Sure! For one thing, as I bring the fork towards my mouth, on the verge of consummating my cake-eating plan, I’ll start salivating and releasing cortisol in preparation.
But what about the process of foresighted planning (calling the bakery etc.)? I argued here that rodents seem to relying exclusively on valence for decisions whose consequences are more than a few seconds out. But I wouldn’t make such a strong statement for humans. For humans (and I think other primates), I think the other, non-valence-function, Thought Assessors are at least somewhat involved even in long-term planning.
For example, imagine you’re feeling terribly nauseous. Of course your Steering Subsystem knows that you’re feeling terribly nauseous. And then suppose it sees you thinking a thought that seems to be leading towards eating. In that case, the Steering Subsystem may say: “That’s a terrible thought! Negative valence!”
OK, so you’re feeling nauseous, and you pick up the phone to place your order at the bakery. This thought gets weakly but noticeably flagged by the Thought Assessors as “likely to lead to eating”. Your Steering Subsystem sees that and says “Boo, given my current nausea, that seems like a bad thought.” It will feel a bit aversive. “Yuck, I’m really ordering this huge cake??” you say to yourself.
Logically, you know that come next week, when you actually receive the cake, you won’t feel nauseous anymore, and you’ll be delighted to have the cake. But still, right now, you feel kinda gross and unmotivated to order it.

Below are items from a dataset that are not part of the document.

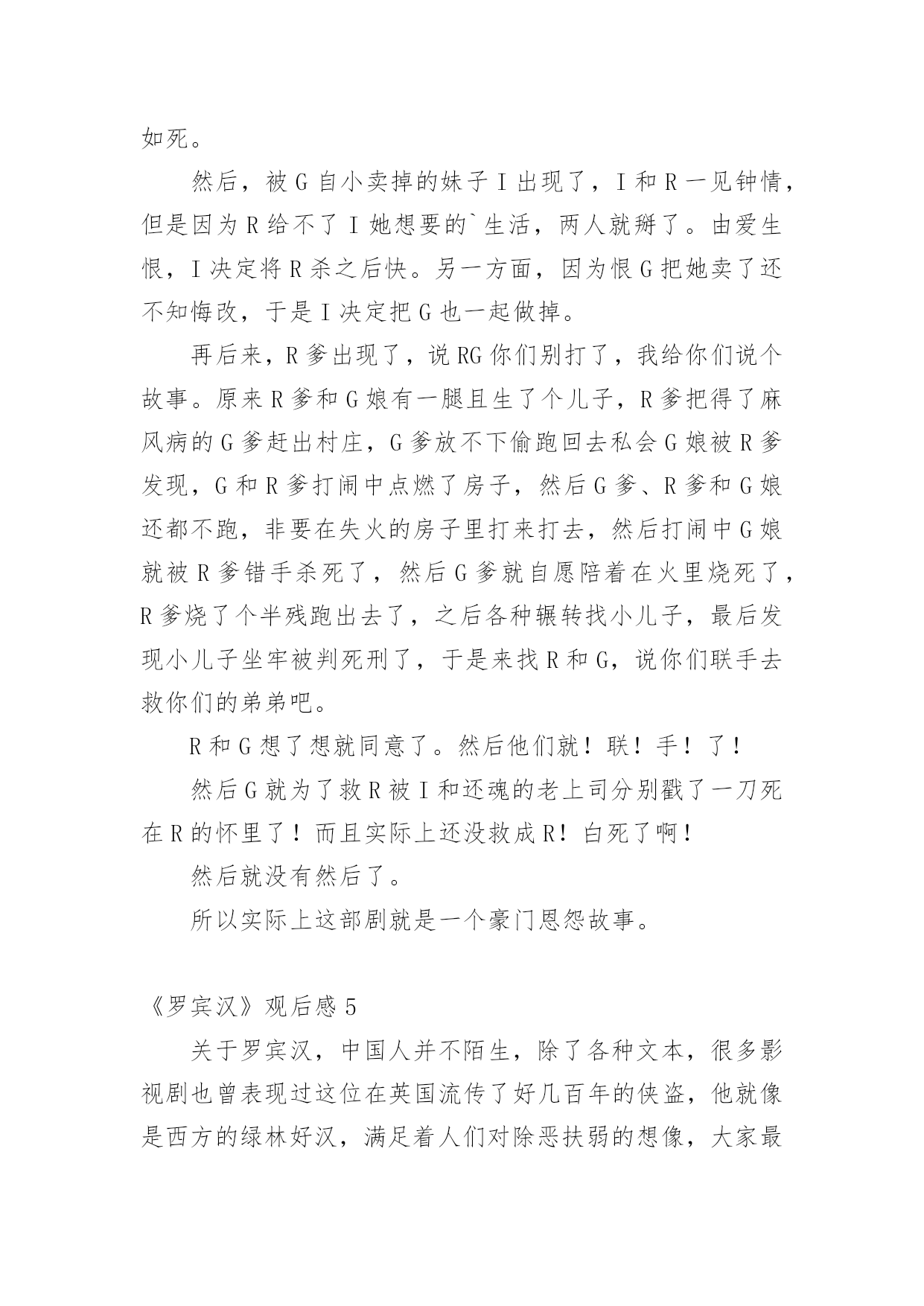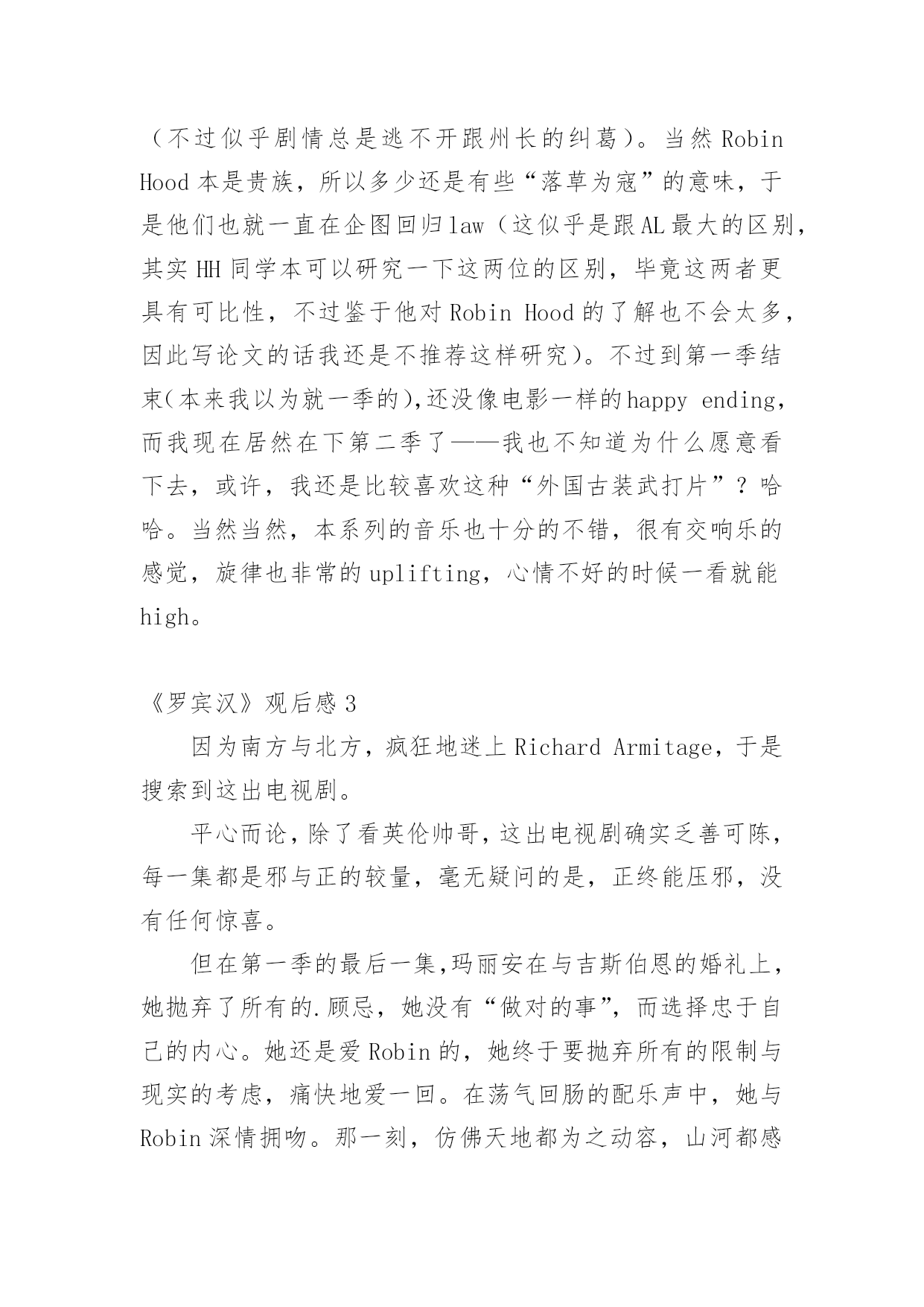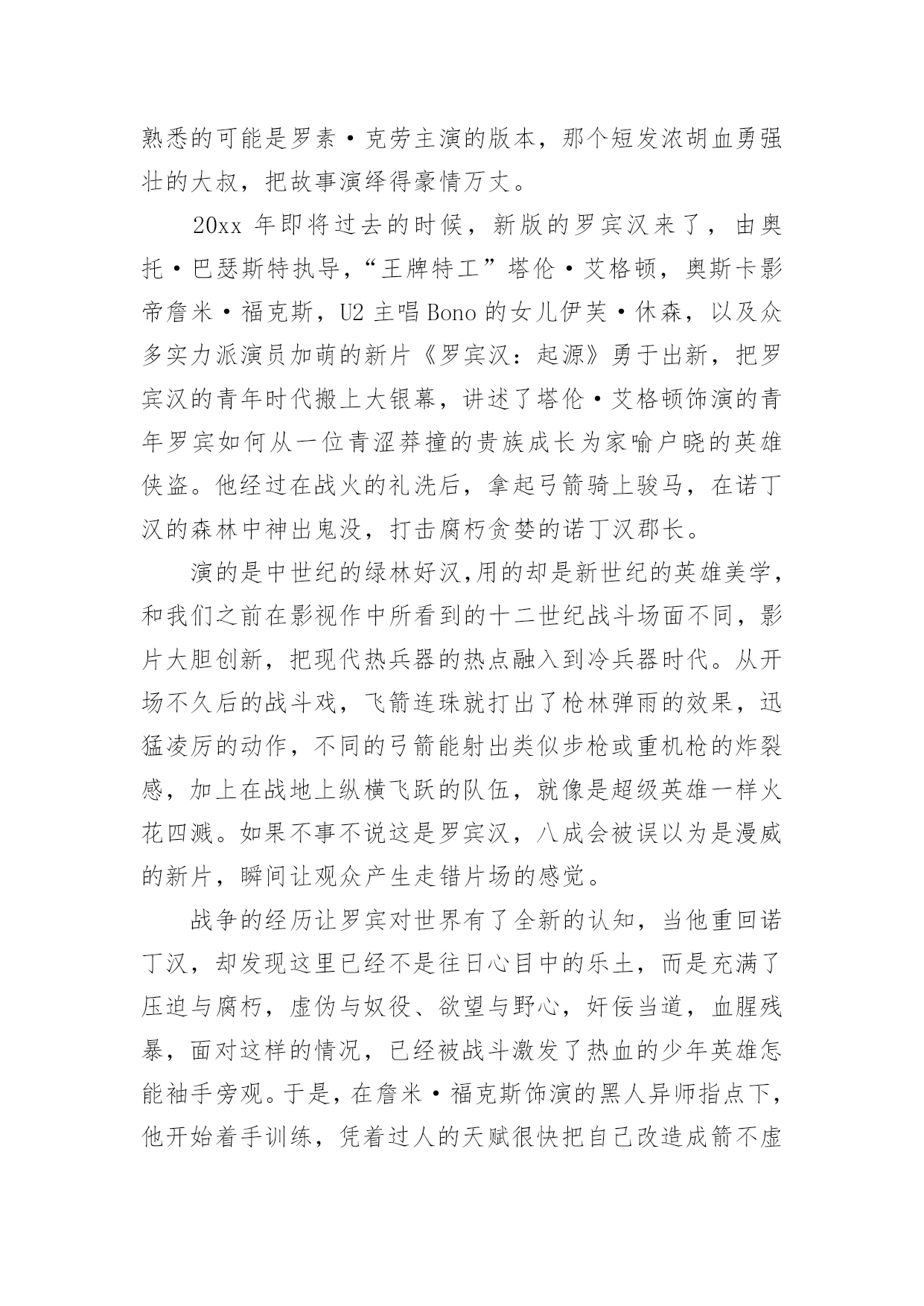 《罗宾汉》观后感观看一部优秀作品之后,我们会受益匪浅,对人生或者事物一定产生了许多感想吧,写一份观后感,记录收获与付出。那么你真的懂得怎么写观后感吗?下面是小编帮大家整理的《罗宾汉》观后感,供大家参考借鉴,希望可以帮助到有需要的朋友。《罗宾汉》观后感1中世纪英雄传说与《罗宾汉》英雄传说在中世纪欧洲文化中扮演着重要的角色,这些传说通常以英雄的冒险和伟业为主题,通过口头传承和文学作品传播。该世纪英雄传说的起源可以追溯到古代的民间传说和神话,随着时间的推移,这些故事逐渐演变和发展,形成了独特的中世纪英雄传说体系。这些传说常常包含着勇敢、正义和荣誉等核心价值观,成为人们追求的理想和榜样,而《罗宾汉》作为中世纪英雄传说的代表之一,具有深远的影响力。它的故事发生在英格兰的谢菲尔德森林,讲述了一位被剥夺了财产和地位的贵族青年罗宾汉,他带领一群亡命之徒在森林中与不公正和腐败的权贵斗争的'故事。罗宾汉以他的勇敢、聪明和慷慨赢得了穷人们的敬仰和支持,并通过劫富济贫的行动来维护正义和平等。在这个时代,贵族和权贵掌握着大部分的权力和财富,而普通民众则生活在贫困和压迫之中。作为一个具有高尚情操和正义感的英雄,罗宾汉代表了受压迫者的利益和声音,成为了人们心目中的英雄和希望。正义和社会反抗是《罗宾汉》故事的核心主题,罗宾汉以他的英雄行为和对不公正的反抗,成为了中世纪社会中普通人的希望和榜样。他的形象在中世纪的文学作品和民间传说中得到广泛传颂,并且随着时间的推移,逐渐演变成为一个代表正义和勇气的象征。通过对中世纪英雄传说与《罗宾汉》的探讨,人们可以看到这个传说如何成为人们心目中的英雄故事,以及其对社会正义和反抗的表达。英雄传说的影响在欧洲文化中广泛存在,并且运用不同的艺术形式和媒介得以延续。而该影片作为其中的代表之一,通过其深刻的主题和精彩的故事,成为了英雄传说中的经典之作,至今仍然在影视作品中得到重要的再现和诠释。《罗宾汉》观后感2去年也不知道在Emule上搜什么,偶然搜到这个RobinHood系列,那个时候才出了第一季,13集,向来是喜欢少的剧集,而那个时候又正好因为Hustle而对英剧很热衷,于是一冲动就下了。而我看片向来慢,所以这13集看了大半年,到昨天复习英语到百无聊赖,才自欺欺人当作听力练习把最后两集给看了——这个没有字幕,不过说自欺欺人呢,是因为凭听,我是平均可以听懂七成的(保守估计),不过既然是motionpictures,那么就算听不懂,也能看懂了,哈哈。又说了半天废话,言归正传,还是来介绍一下这位主角RobinHood同学。他是中世纪英国民间传说中的绿林好汉,据说,就是劫富济贫传统的开创者——当然,很可能是我孤陋寡闻,不知道其他的民间传说或者文学作品中的类似人物(貌似我完全忽略了中国部分嘛,算了,大家也忽略吧)。说实话RobinHood的故事我倒是没看过文字版,只是看了1995年KevinCostner主演的电影《RobinHood:thePrinceofThieves》,所以略知一二,大致是RobinHood本是Nottingham的贵族,跟随十字军东征,因为一些原因提前回到家乡,发现州长在这里作威作福,于是被迫造反,到森林里遇到一些强盗,不打不相识,RobinHood还成了领导,于是他们就一起劫富济贫,不断地找州长麻烦……话说原本华讲不喜欢RobinHood的故事,因为比较像《水浒传》里的.农民起义,她这样说的时候其实我对电影的印象已经不深刻了,而BBC这个剧也完全没有这个感觉,于是我就说并非如此——不过刚才又看一遍电影的介绍,还真有些像农民起义,不对,电驴上的电影介绍里写的就是农民起义,汗。不过不过,电视剧确实不是农民起义,确实是行侠仗义(不过似乎剧情总是逃不开跟州长的纠葛)。当然RobinHood本是贵族,所以多少还是有些“落草为寇”的意味,于是他们也就一直在企图回归law(这似乎是跟AL最大的区别,其实HH同学本可以研究一下这两位的区别,毕竟这两者更具有可比性,不过鉴于他对RobinHood的了解也不会太多,因此写论文的话我还是不推荐这样研究)。不过到第一季结束(本来我以为就一季的),还没像电影一样的happyending,而我现在居然在下第二季了——我也不知道为什么愿意看下去,或许,我还是比较喜欢这种“外国古装武打片”?哈哈。当然当然,本系列的音乐也十分的不错,很有交响乐的感觉,旋律也非常的uplifting,心情不好的时候一看就能high。《罗宾汉》观后感3因为南方与北方,疯狂地迷上RichardArmitage,于是搜索到这出电视剧。平心而论,除了看英伦帅哥,这出电视剧确实乏善可陈,每一集都是邪与正的较量,毫无疑问的是,正终能压邪,没有任何惊喜。但在第一季的最后一集,玛丽安在与吉斯伯恩的婚礼上,她抛弃了所有的.顾忌,她
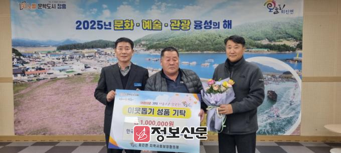 장찬석 공동위원장은 “따뜻한 마음을 전달해 주신 기부자 여러분들께 깊은 감사의 말씀을 드린다”며 “민관이 협력하여 더욱 촘촘하게 지원하여 더불어 잘 사는 회진면을 만들겠다”고 말했다
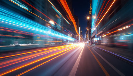 A vibrant city street is captured in a stunning long exposure, showcasing streaks of colorful lights that create a sense of speed and energy. The image evokes the pulse of urban life, with bright blues and warm oranges blending together to illustrate the excitement of a bustling metropolis at night.

Do you order the cake anyway? Sure! Maybe the valence Thought Assessor is strong enough to overrule the effects of the “will lead to eating” Thought Assessor. Or maybe you call up a different motivation: you imagine yourself as the kind of person who has good foresight and makes good sensible decisions, and who isn’t stuck in the moment. That’s a different thought in your head, which consequently activates a different set of Thought Assessors, and maybe that gets high valence from the Steering Subsystem. Either way, you do in fact call the bakery to place the cake order for next week, despite feeling nauseous right now. What a heroic act!
Changelog
July 2024: Since the initial version, I’ve updated the diagrams (see changelog of previous two posts), and used the term “valence” much more (e.g. instead of “reward” or “value”) now that I have my valence series to link to.
I also added text in various places suggesting that long-term planning is mainly reliant on the “valence guess” Thought Assessor, and that the “visceral” Thought Assessors are comparatively unimportant if we’re talking about more than a few seconds in advance (see here). I didn’t appreciate that fact when I first wrote this.
I also made various smaller wording changes, including in my (vague) discussion of how the brain moves down the purple arrow towards higher-valence thoughts.